Relationship between the separation efficiency of amniotic cells and the sample/buffer flow velocity ratio with two cells: a amniotic stem cells; b larger cells

Furthermore, as mentioned previously, a two-step separation process can be used to enhance the separation efficiency. After the first separation process, the cells in the collection reservoir A are pipetted for a second separation. The experimental results are shown in Fig. 8. For this test, the “separation efficiency # C” is defined as the ratio between the MSCs collected from reservoir A in two steps and the total amount of MSCs collected from reservoir A and B in the first step.

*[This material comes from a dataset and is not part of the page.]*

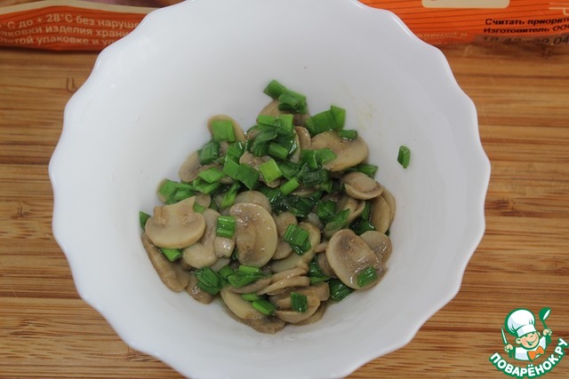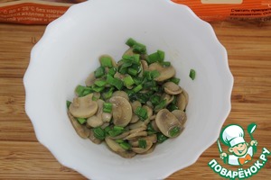 Грибы порезать и вместе с зеленым луком обжарить в 1 ст л сливочного масла.

Since similar results at two buffer volume flow rates (60 μL/hr and 80 μL/hr) are observed (as shown in Fig. 7), only the data for the condition at a buffer volume-flow-rate of 80 μL/hr are shown here. Again, five volume-flow-rate ratios (0.25, 0.375, 0.5, 0.625, and 0.75) are tested. A high separation efficiency #C of 97.1% at a volume-flow-rate ratio of 0.25 is achieved. As a result, the highly efficient isolation of MSCs using a two-step process can be realized. Furthermore, no cell damage has been observed. This developed microfluidic chip has great potential to simplify stem cell separation and to further cell therapy.

Fig. 8
figure 8

Relationship between the separation efficiency of amniotic cells and the sample/buffer flow velocity ratio using a two-step separation process

4 Conclusions

The current study has demonstrated a microfluidic chip using a T-junction focusing device and tilted louver-like structures for stem cell separation. Beads with different sizes are first used to characterize the performance of the developed chip. Compared with other microfluidic devices employing similar techniques, a high separation efficiency is realized by injecting a large number of cell samples into the developed chip. No fouling of the system has been observed. The experimental results show that a separation efficiency as high as 82.8% for AFMSCs can be achieved. Furthermore, the separation process can be repeated to improve the separation efficiency to 97.1%. The development of this microfluidic chip may become a promising fundamental tool for the stem cell research and cell therapy.